Records to process Block Start

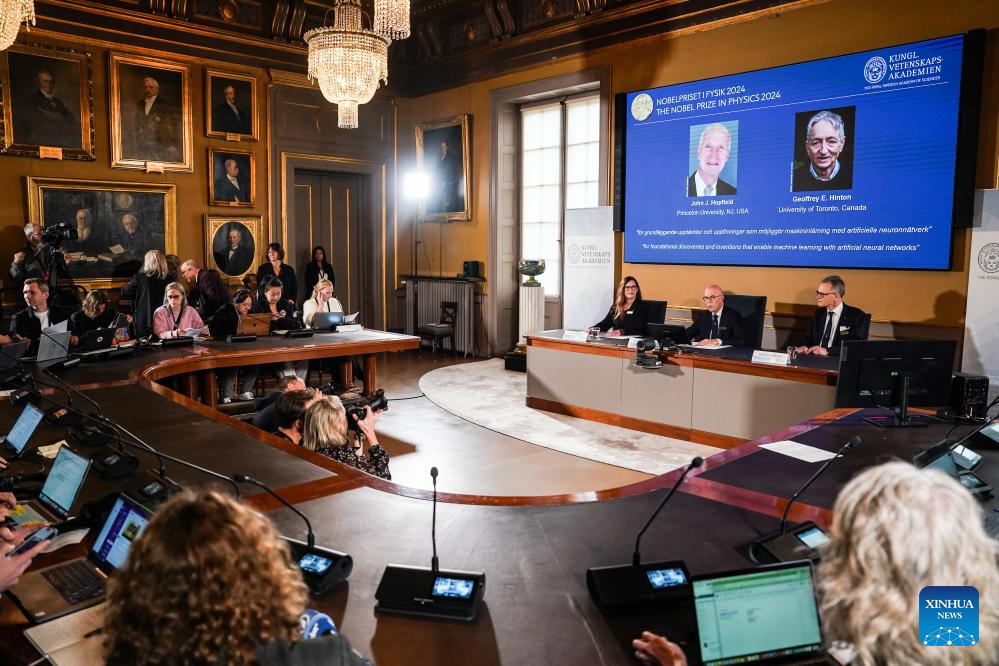 The 2024 Nobel Prize in Physics is announced in Stockholm, Sweden, Oct. 8, 2024. The 2024 Nobel Prize in Physics went to two scientists, John J. Hopfield and Geoffrey E. Hinton, for foundational discoveries and inventions that enable machine learning with artificial neural networks, the Royal Swedish Academy of Sciences said on Tuesday. (Xinhua/Peng Ziyang)
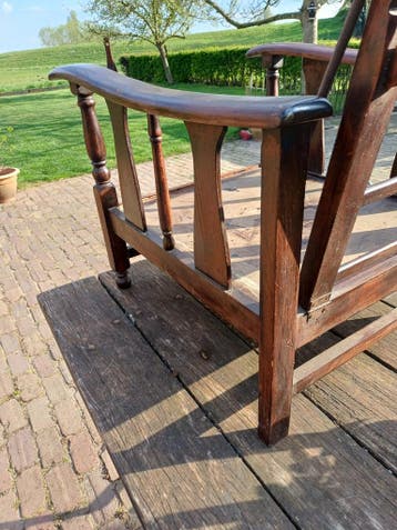 Oude instelbare "rookstoel" . Het houtwerk is nog erg mooi. De kussens zijn verdwenen.
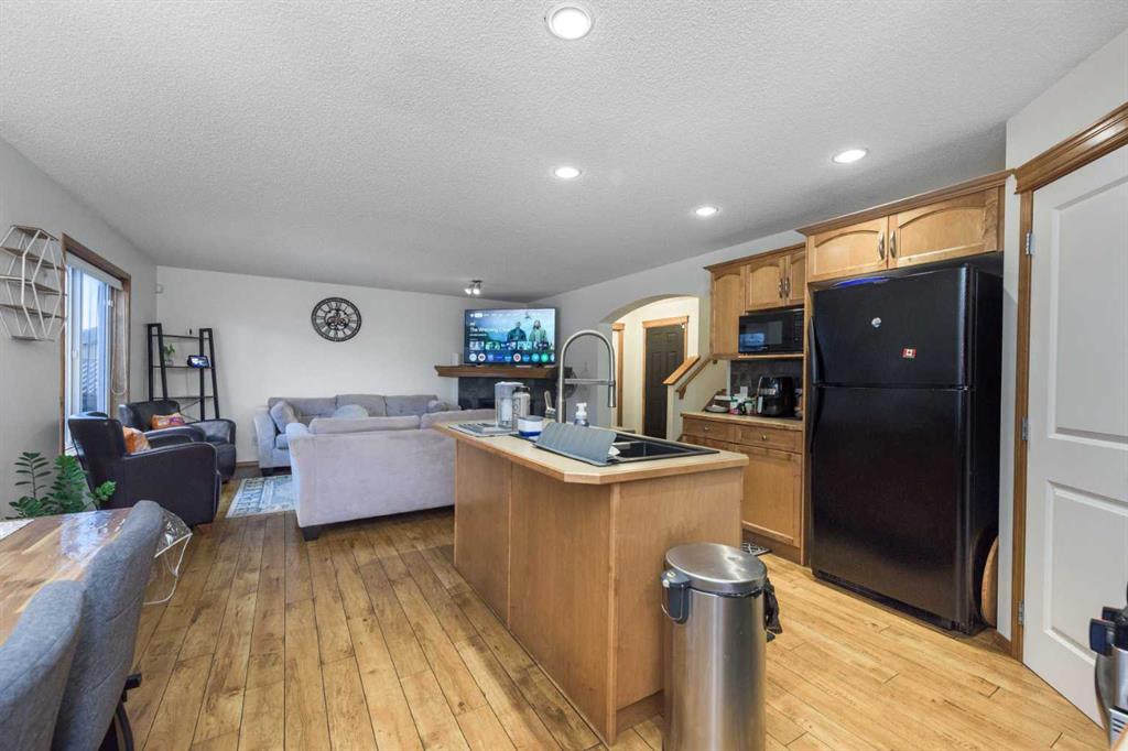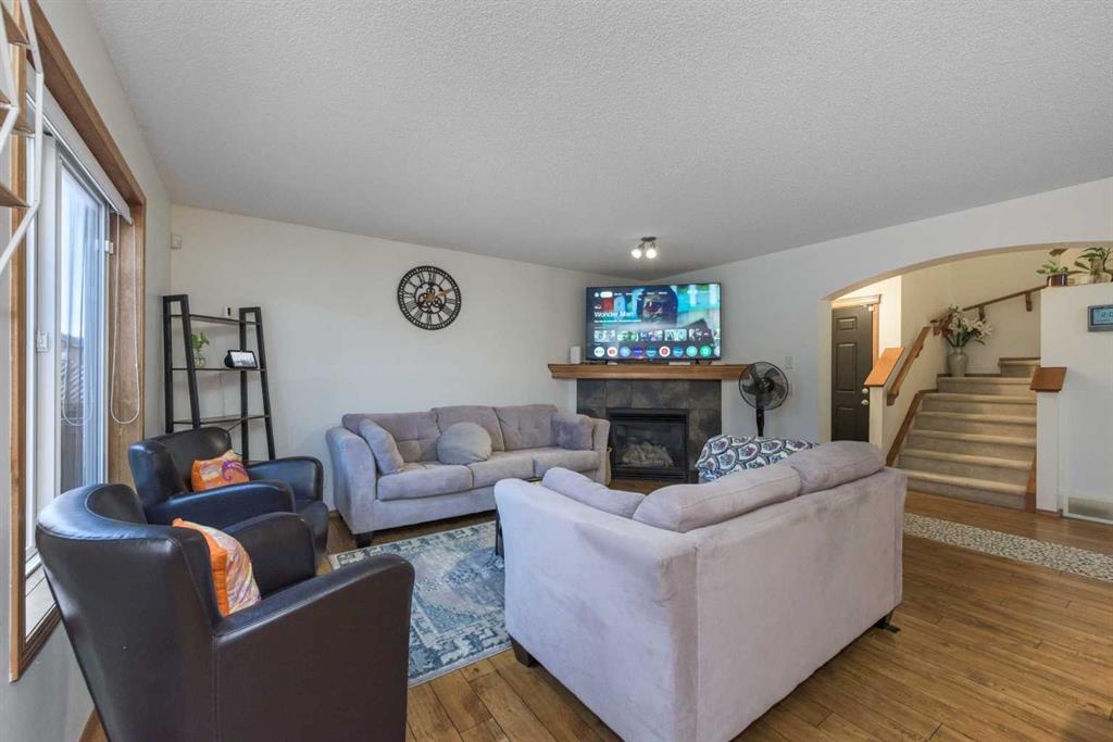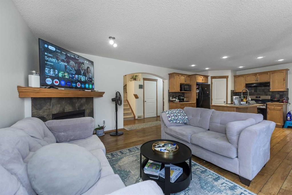 The main floor features a bright and inviting open concept design with a spacious living area, dining space, and a well-appointed kitchen ideal for both everyday life and entertaining. The cozy living room fireplace creates the perfect focal point — adding warmth and comfort during Calgary’s winter months. A convenient powder room (half bath) and direct access to the double attached garage complete the main level.
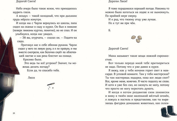 Люси абсолютно уверена: Дед Мороз живет по соседству. Белая борода? Есть. Белые волосы? Есть. Густой и зычный голос, который идеально подходит для восклицания «Хо, хо, хо»? Есть. И что с того, что у него нет красной шубы? Зато есть красная шапка. Даже с помпоном. К тому же соседний дом граничит с лесом, а поляна позади него идеально подходит для выгула оленей. Люси это вполне устраивает, потому что она может отправить свой список желаний прямо ему в почтовый ящик. Есть много вещей, которые она хочет. Например, чтобы папа не был таким грустным. И подружиться с девочками из класса. Вот почему она не сдается, когда в ответном письме говорится, что она ошиблась адресом и ее сосед вовсе не Дед Мороз.
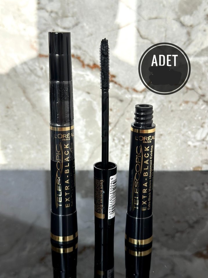 L'Oréal Paris Extra Black maskara, koyu siyah renkte ve yoğun kirpikler için uygundur. Üzerinde 'ADET' yazısı bulunur.
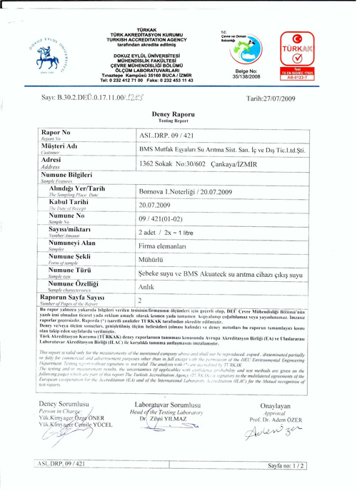 Plastik BPA Testi Gıdaya Uygunluk Belgesi
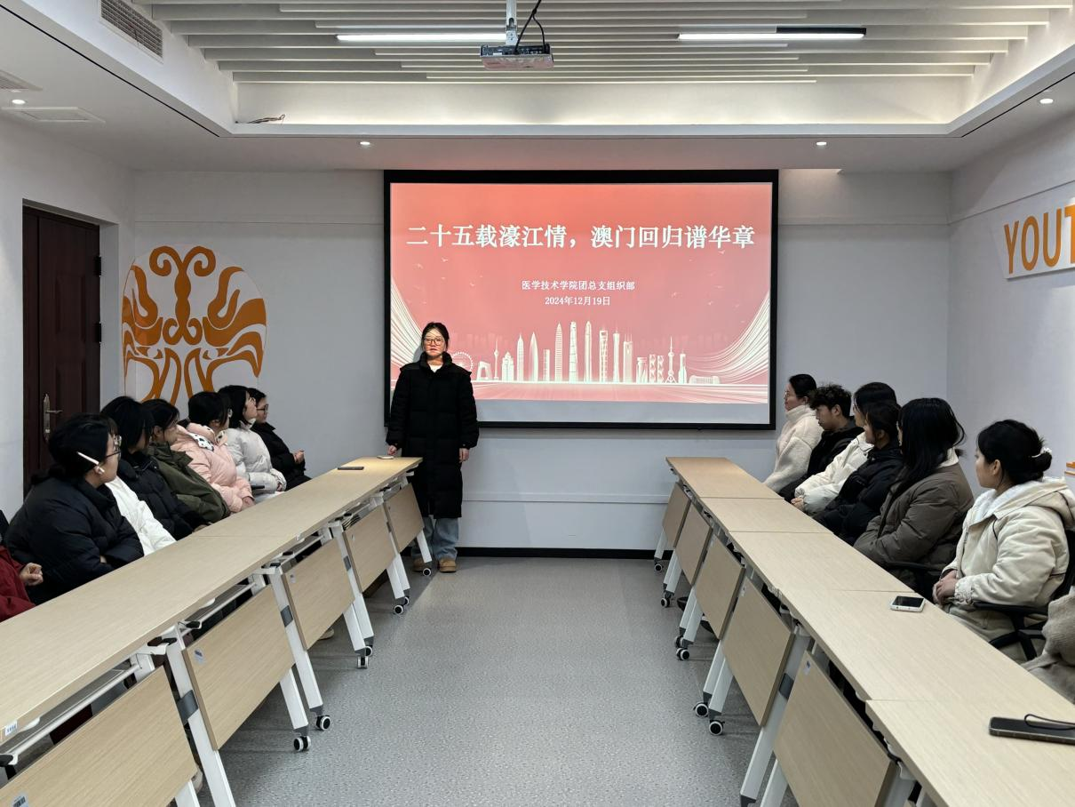 为庆祝澳门回归25周年,弘扬爱国主义精神,深入贯彻落实爱国主义教育,积极响应国家对青年一代培养爱国情怀与社会责任感的号召,12月19日,医学技术学院团总支开展了以“二十五载濠江情,澳门回归谱华章”为主题的第二课堂活动。
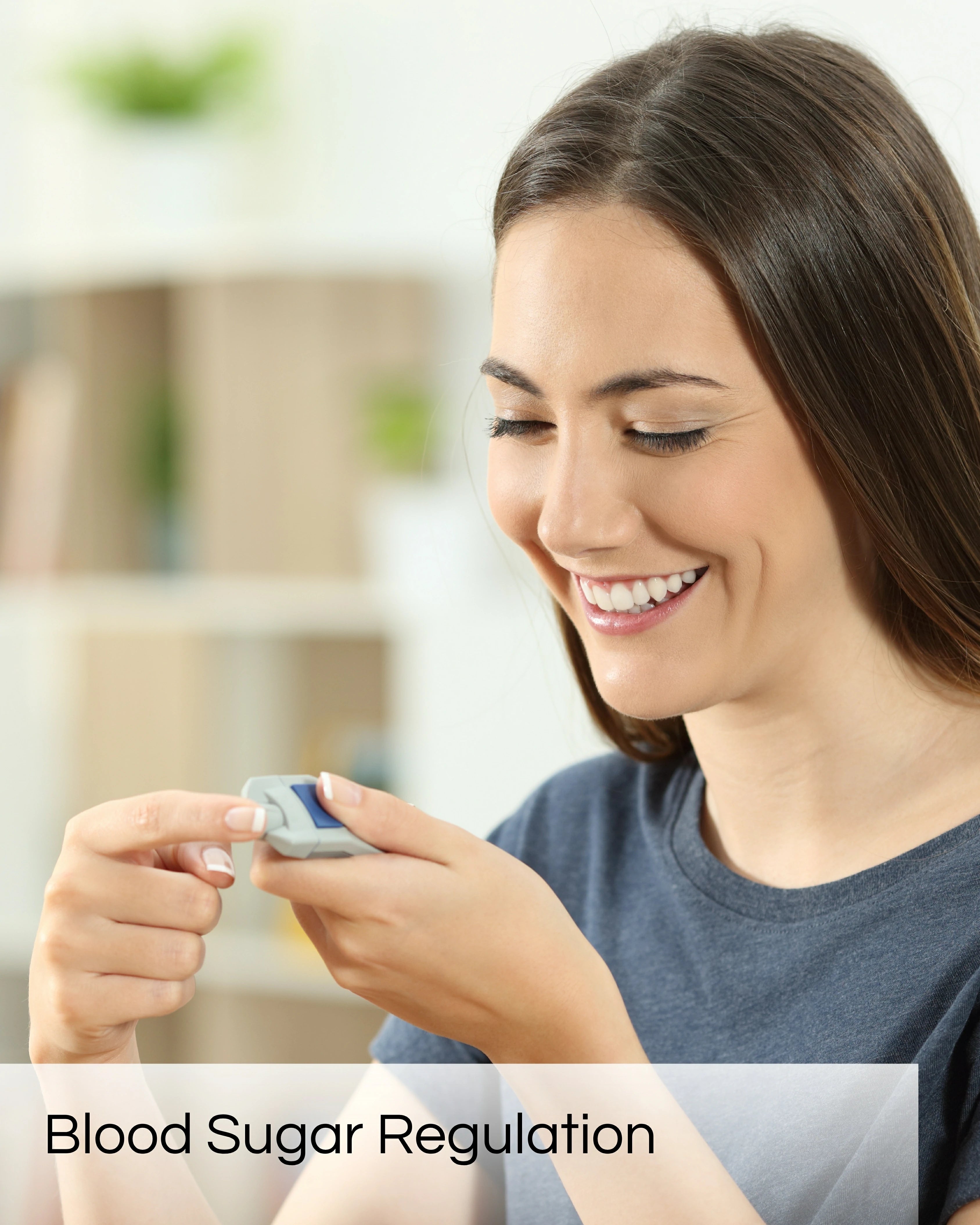 भोजन के बाद ग्लूकोज अवशोषण को नियंत्रित करने में मदद करता है। भोजन के बाद अचानक होने वाली शर्करा की मात्रा को रोकता है जो शरीर पर दबाव डालती है। पूरे दिन ऊर्जा के स्तर को अधिक स्थिर बनाए रखता है। दैनिक जीवन में रक्त शर्करा को बेहतर ढंग से नियंत्रित करने में सहायक।

Records to process Block End

What you have to do ▸ Please reproduce the whole listing exactly; the pictures stay out.

Problem solution ▸
 The 2024 Nobel Prize in Physics is announced in Stockholm, Sweden, Oct. 8, 2024. The 2024 Nobel Prize in Physics went to two scientists, John J. Hopfield and Geoffrey E. Hinton, for foundational discoveries and inventions that enable machine learning with artificial neural networks, the Royal Swedish Academy of Sciences said on Tuesday. (Xinhua/Peng Ziyang)
 Oude instelbare "rookstoel" . Het houtwerk is nog erg mooi. De kussens zijn verdwenen.
 The main floor features a bright and inviting open concept design with a spacious living area, dining space, and a well-appointed kitchen ideal for both everyday life and entertaining. The cozy living room fireplace creates the perfect focal point — adding warmth and comfort during Calgary’s winter months. A convenient powder room (half bath) and direct access to the double attached garage complete the main level.
 Люси абсолютно уверена: Дед Мороз живет по соседству. Белая борода? Есть. Белые волосы? Есть. Густой и зычный голос, который идеально подходит для восклицания «Хо, хо, хо»? Есть. И что с того, что у него нет красной шубы? Зато есть красная шапка. Даже с помпоном. К тому же соседний дом граничит с лесом, а поляна позади него идеально подходит для выгула оленей. Люси это вполне устраивает, потому что она может отправить свой список желаний прямо ему в почтовый ящик. Есть много вещей, которые она хочет. Например, чтобы папа не был таким грустным. И подружиться с девочками из класса. Вот почему она не сдается, когда в ответном письме говорится, что она ошиблась адресом и ее сосед вовсе не Дед Мороз.
 L'Oréal Paris Extra Black maskara, koyu siyah renkte ve yoğun kirpikler için uygundur. Üzerinde 'ADET' yazısı bulunur.
 Plastik BPA Testi Gıdaya Uygunluk Belgesi
 为庆祝澳门回归25周年,弘扬爱国主义精神,深入贯彻落实爱国主义教育,积极响应国家对青年一代培养爱国情怀与社会责任感的号召,12月19日,医学技术学院团总支开展了以“二十五载濠江情,澳门回归谱华章”为主题的第二课堂活动。
 भोजन के बाद ग्लूकोज अवशोषण को नियंत्रित करने में मदद करता है। भोजन के बाद अचानक होने वाली शर्करा की मात्रा को रोकता है जो शरीर पर दबाव डालती है। पूरे दिन ऊर्जा के स्तर को अधिक स्थिर बनाए रखता है। दैनिक जीवन में रक्त शर्करा को बेहतर ढंग से नियंत्रित करने में सहायक।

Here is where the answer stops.